--- SOURCE MATERIAL Enclosed Below ---

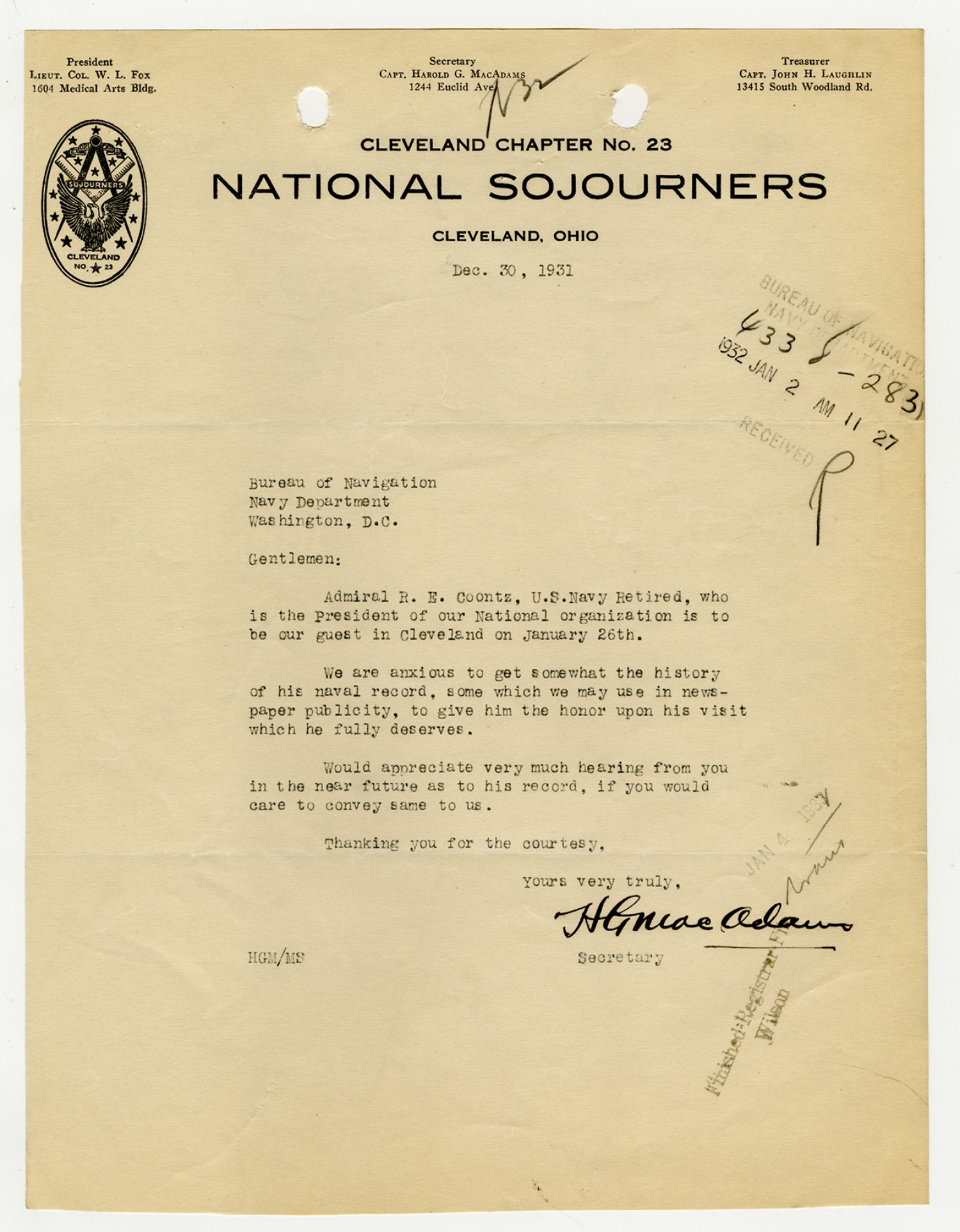 Harold G. MacAdams letter to the Bureau of Navigation - December 30, 1931
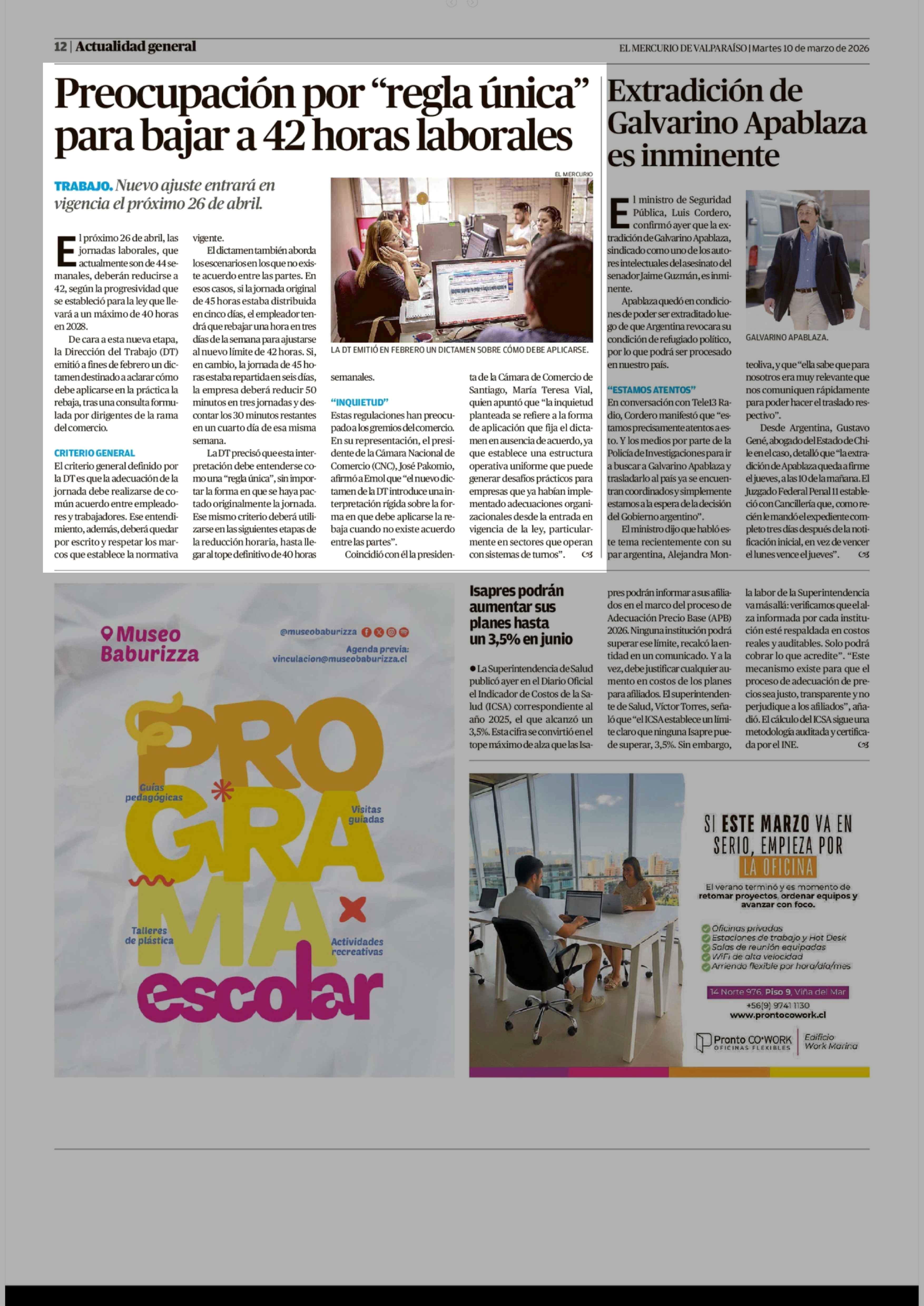 Preocupación por "regla única" para bajar a 42 horas laborales 10-03-2026 El Mercurio de Valparaíso |
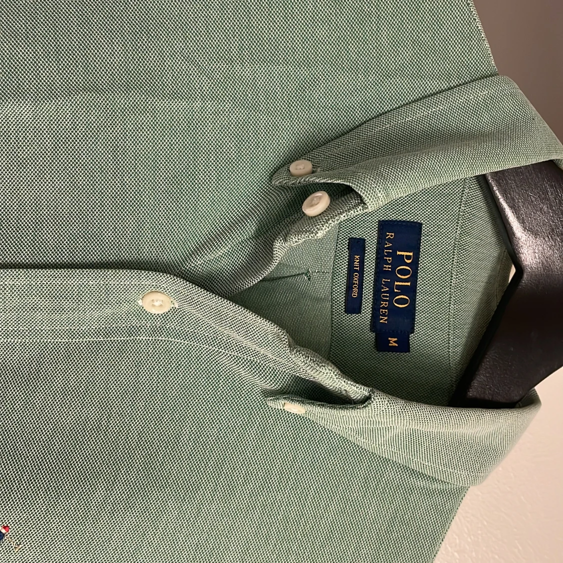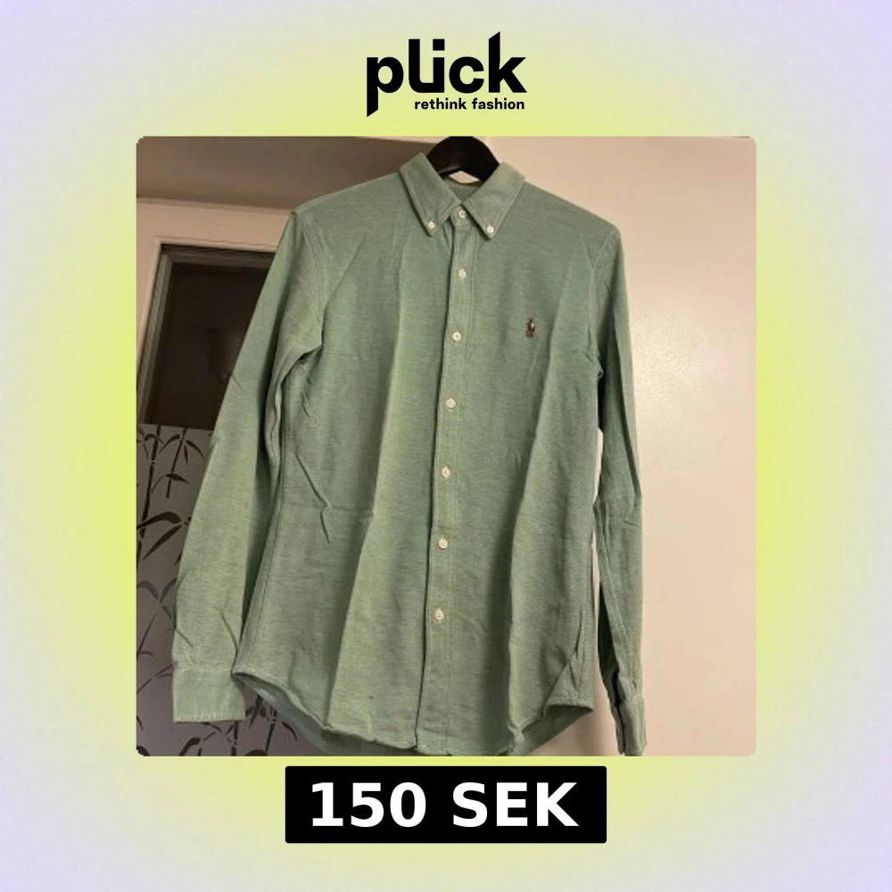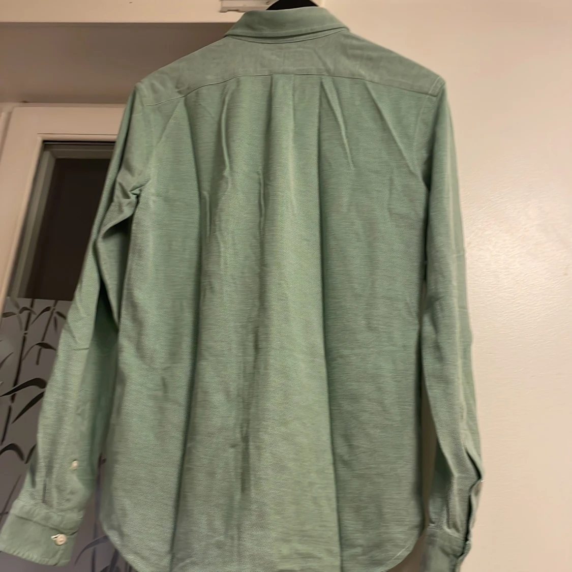 Snygg grön skjorta från Polo Ralph Lauren med klassisk button down-krage och broderad logga på bröstet. Skjortan är i bomull, har långa ärmar och vita knappar framtill. Perfekt för dig som gillar stilrena och tidlösa plagg. Obs .skjortan har ett litet hål på vänster axel och längre till höger som inte syns alls
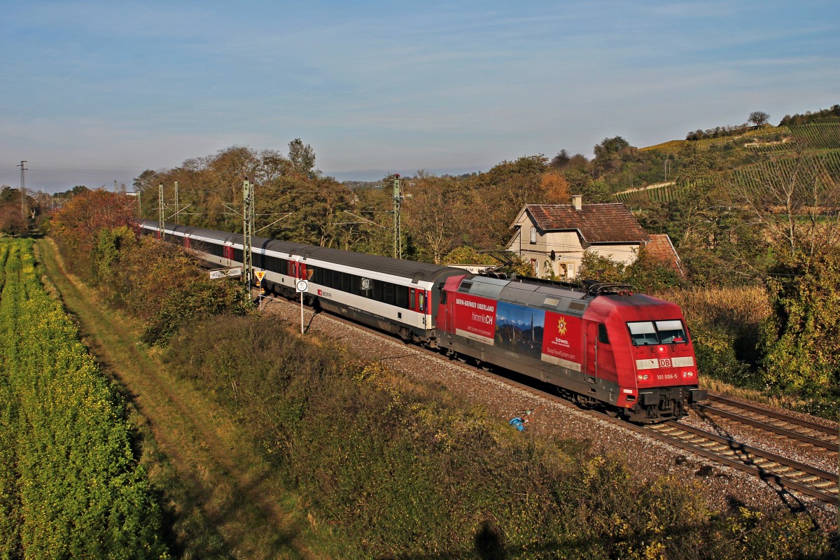 101 006-5 "Bern-Berner Oberland himmlisCH" am 30.10.2014 mit dem EC 9 (Hamburg Altona - Zürich HB) bei Müllheim (Baden) und fuhr gen Basel. Tobias Schmidt

--- End of Enclosed SOURCE MATERIAL ---

• WORK TO COMPLETE
Copy out the material above exactly; the images stay out.

• ANSWER TO THIS PROBLEM
 Harold G. MacAdams letter to the Bureau of Navigation - December 30, 1931
 Preocupación por "regla única" para bajar a 42 horas laborales 10-03-2026 El Mercurio de Valparaíso |
 Snygg grön skjorta från Polo Ralph Lauren med klassisk button down-krage och broderad logga på bröstet. Skjortan är i bomull, har långa ärmar och vita knappar framtill. Perfekt för dig som gillar stilrena och tidlösa plagg. Obs .skjortan har ett litet hål på vänster axel och längre till höger som inte syns alls
 101 006-5 "Bern-Berner Oberland himmlisCH" am 30.10.2014 mit dem EC 9 (Hamburg Altona - Zürich HB) bei Müllheim (Baden) und fuhr gen Basel. Tobias Schmidt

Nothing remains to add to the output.